# Copy the "input.txt" file on your UBUNTU home

#Now lets move to the Spark shell by specifying master and number of computational core to use as standalone mode (here 4 cores for example):
$ spark-shell --master "local[4]" 

Step-1: Load packages: Load required FPGrowth package and other dependent packages:  

scala>import org.apache.spark.mllib.fpm.FPGrowth
scala>import org.apache.spark.{SparkConf, SparkContext}

Step-2: Read the transactions: Lets read the transactions as RDDs on the created Spark Context (sc) [see Figure 6]:  

scala>val transactions = sc.textFile(source.txt).map(_.split(" ")).cache()
Step-3: Check the number of transactions
Scala>println(s"Number of transactions: ${transactions.count()}")

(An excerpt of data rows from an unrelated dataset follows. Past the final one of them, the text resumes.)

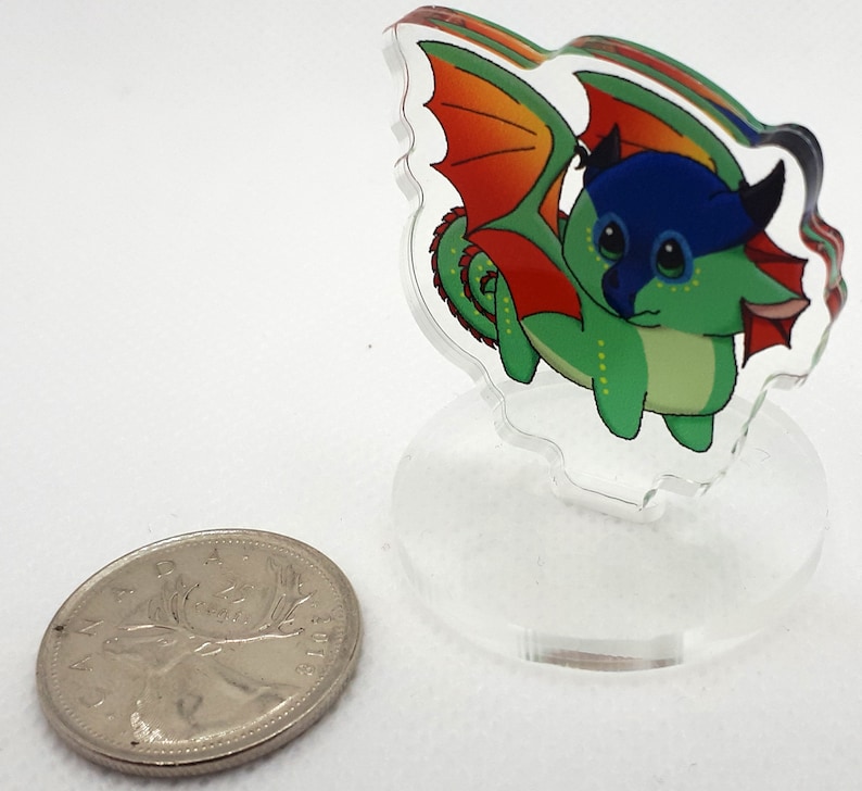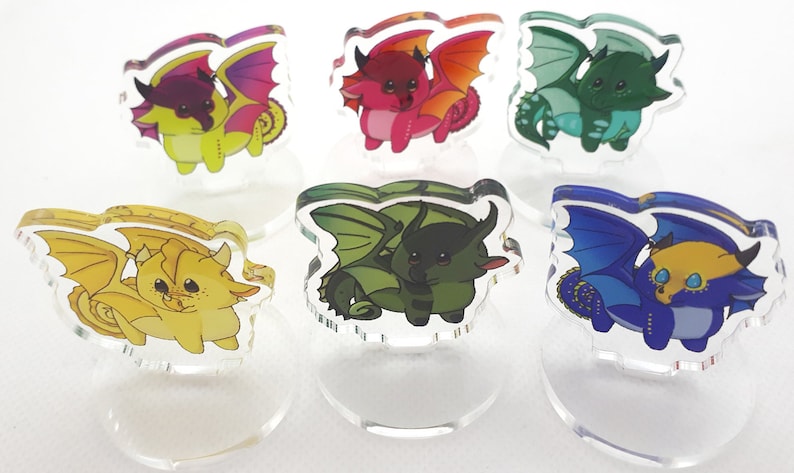 These are cute little acrylic standees of some of your favourite Wings of Fire characters! Made of acrylic and double sided, these little guys will show up on both sides of the standee, and fully capable of standing up on their own. This means you can use them for decoration, or as a replacement of most board game pieces. Want Glory instead of the, most of the time, boring game pieces on game night? Now you can!
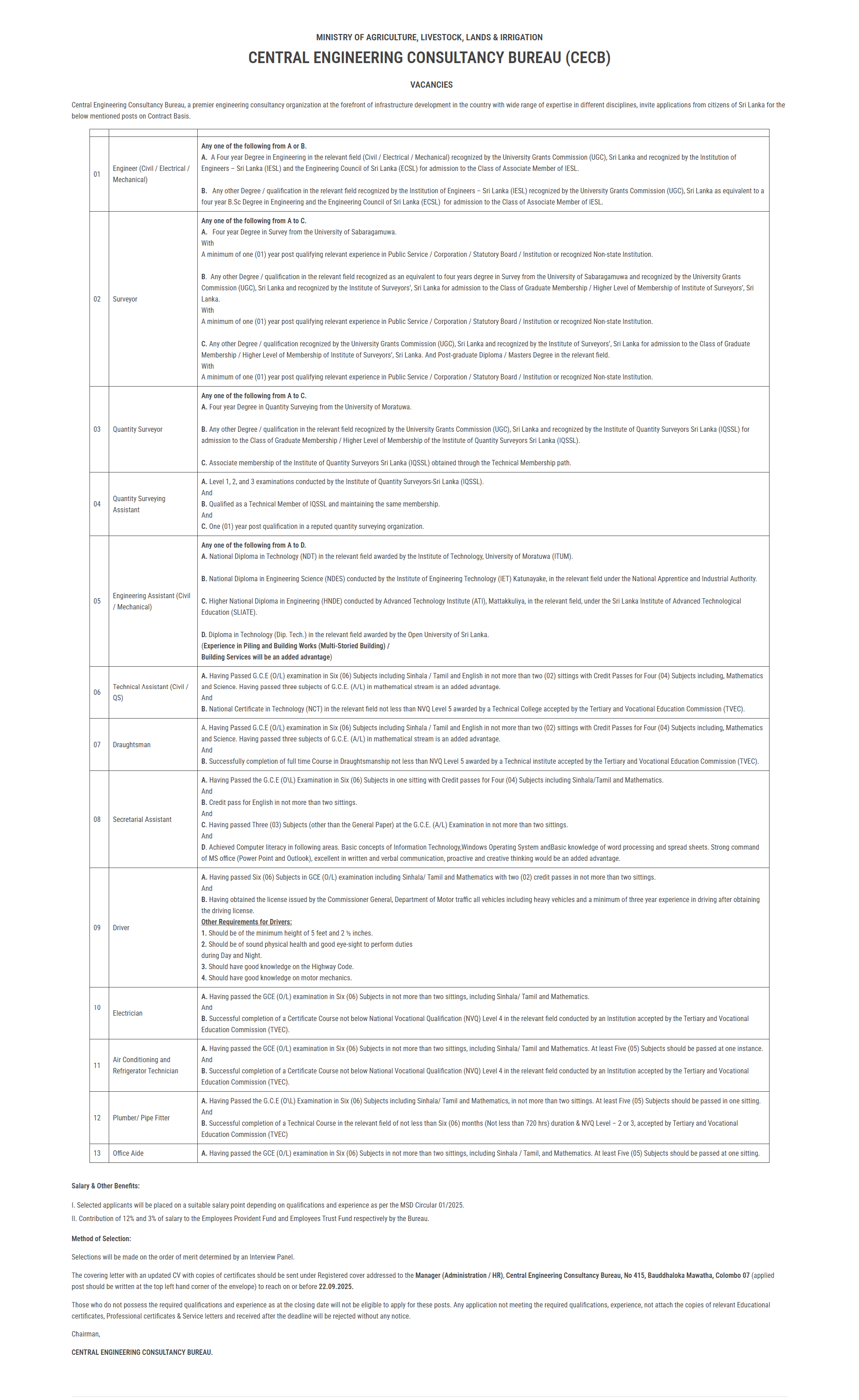 Engineer, Surveyor, Quantity Surveyor - Central Engineering Consultancy Bureau
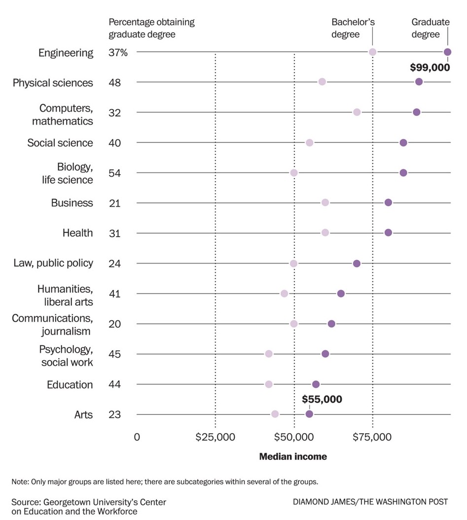 On the theme of a degree telling employers something, this article on the value of a graduate degree is also relevant. As noted, a master’s degree or higher “signals to employers that recipients can complete a demanding program and that they have already been vetted by an institution.” It denotes a set of skills rather than a specific skill. While nothing in this article is particularly groundbreaking, it really just extends the last two I’ve discussed here into the graduate realm. Of course, the value of the graduate degree does vary by field, and I found their graphic to illustrate this well:
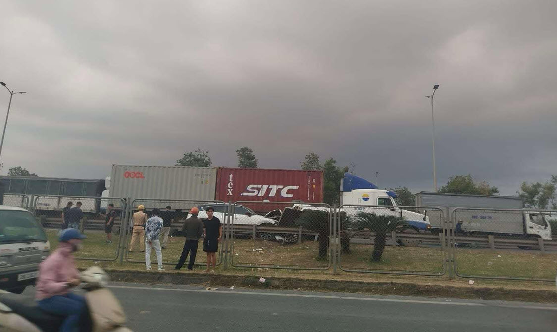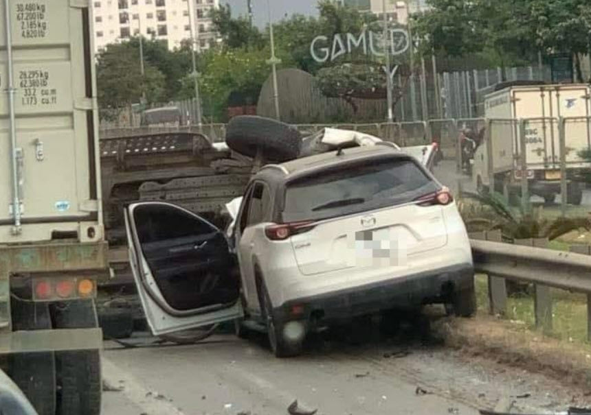 Thông tin ban đầu, tại thời điểm xảy ra tai nạn, xe ô tô Mazda di chuyển tốc độ cao đã húc vào xe bán tải ở phía trước (chưa rõ xe đang dừng hay di chuyển) trên làn khẩn cấp. Cú va chạm mạnh đúng vào thời điểm xe container di chuyển đến khiến chiếc xe bán tải bị lật nghiêng.
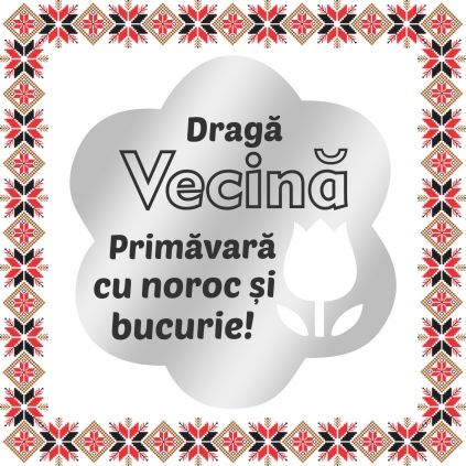 Brosa martisor in forma de floare cu perforatie lalea, realizata din inox de culoare argintie, gravata cu mesajul Draga Vecina, primavara cu noroc si bucurie! Daruieste martisoare personalizate odata cu venirea primaverii! Alege un martisor realizat din otel inoxidabil pentru ca primitoarea il va putea purta tot anul fara sa isi schimbe aspectul sau culoarea, daruieste zambete!
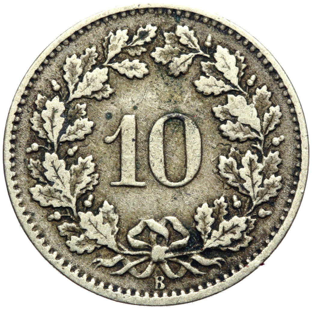 + Швейцария - 10 Rappen 1876 B - Bern - Rarer - состояние!
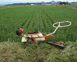 水を落とす時期になると水の出し入れをし易くするために田んぼに溝を切ります。 溝切り機を押して田んぼの中を歩き回ります。毎年のことながら重労働。ホントニタイヘンデス。 |
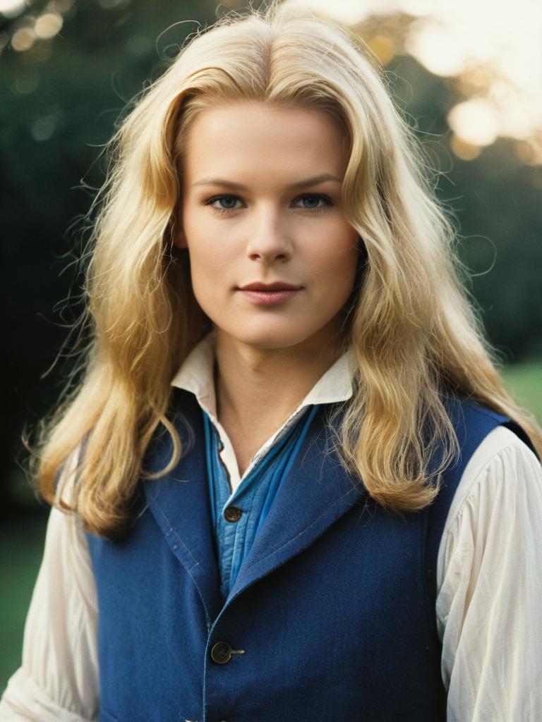 Kid Sir Isaac Newton, man with long blonde hair and a blue vest --sref 1390
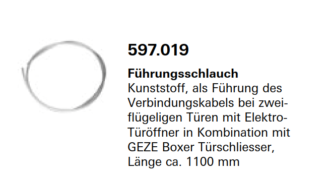 Schüco Jansen Führungsschlauch Kunststoff, als Führung des Verbindungskabels, Artikelnummer 597.019, Janisol HI Türen
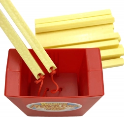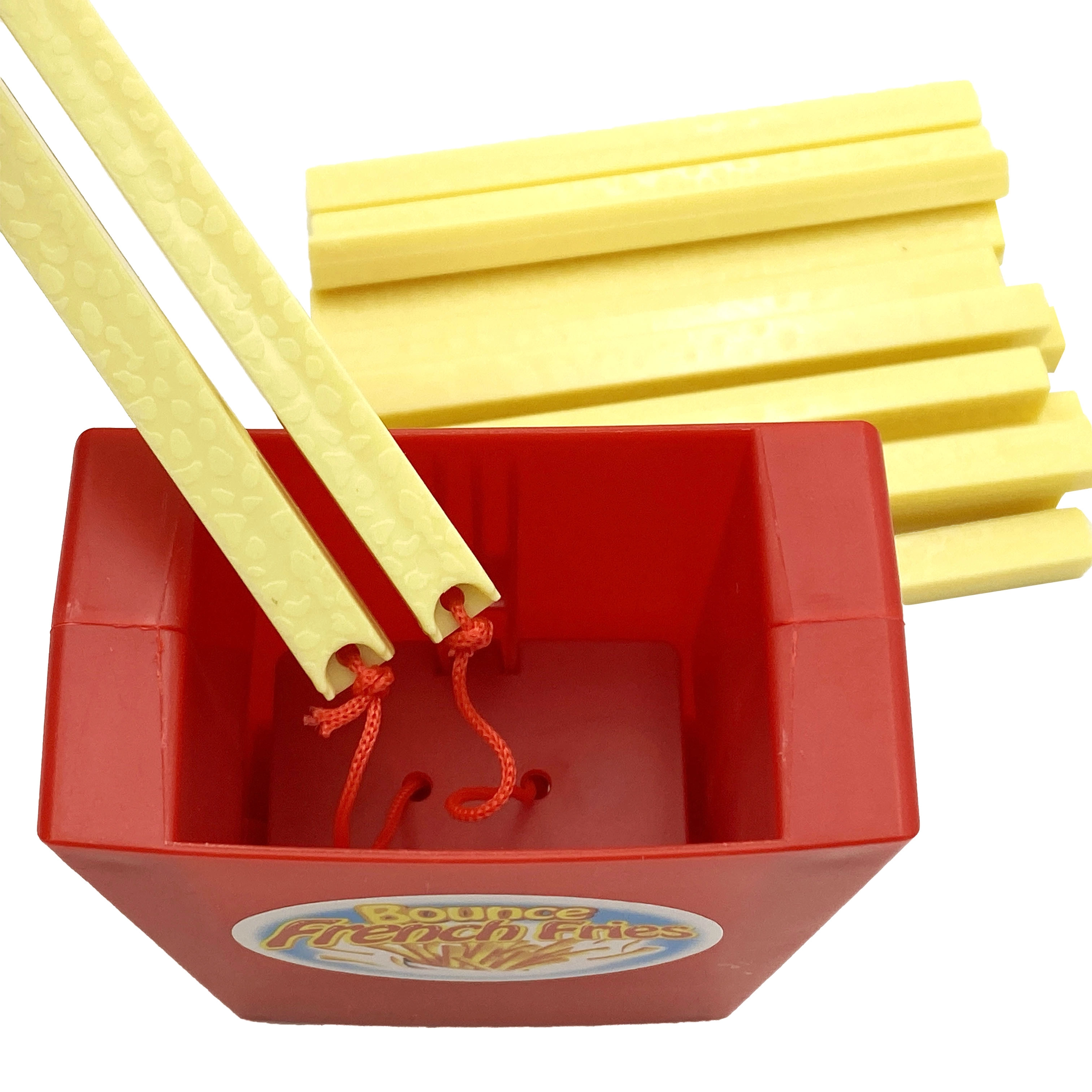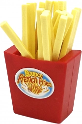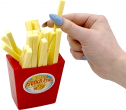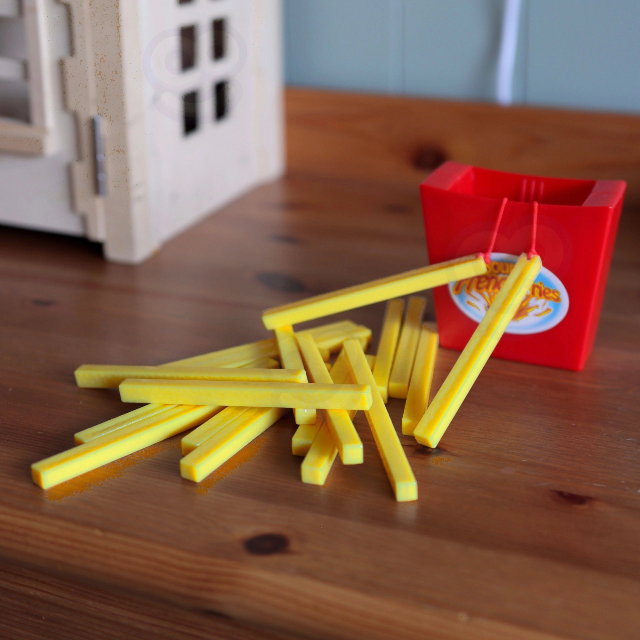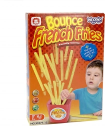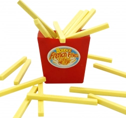 Pakken indeholder: pommes frites‑bæger, sæt fritter (inklusive to “forkerte” fritter, som får alle til at springe).

Step-4: Create an FPGrowth model: Create the model by specifying minimum support threshold, and number of partitions:

scala>val model = new FPGrowth().setMinSupport(0.2).setNumPartitions(2).run(transactions)

Step-5: Check the number of frequent patterns (itemsets)

scala>println(s"Number of frequent itemsets: ${model.freqItemsets.count()}")

Step-6: Print patterns and support: Print the frequent pattern and their corresponding support/frequency counts (see Figure 10). Spark job will be running on local host (refer Figure 11).

scala>model.freqItemsets.collect().foreach { itemset => println(itemset.items.mkString("[", ",", "]") + ", " + itemset.freq)}

# You will see the output on the terminal as indicated in figure 10.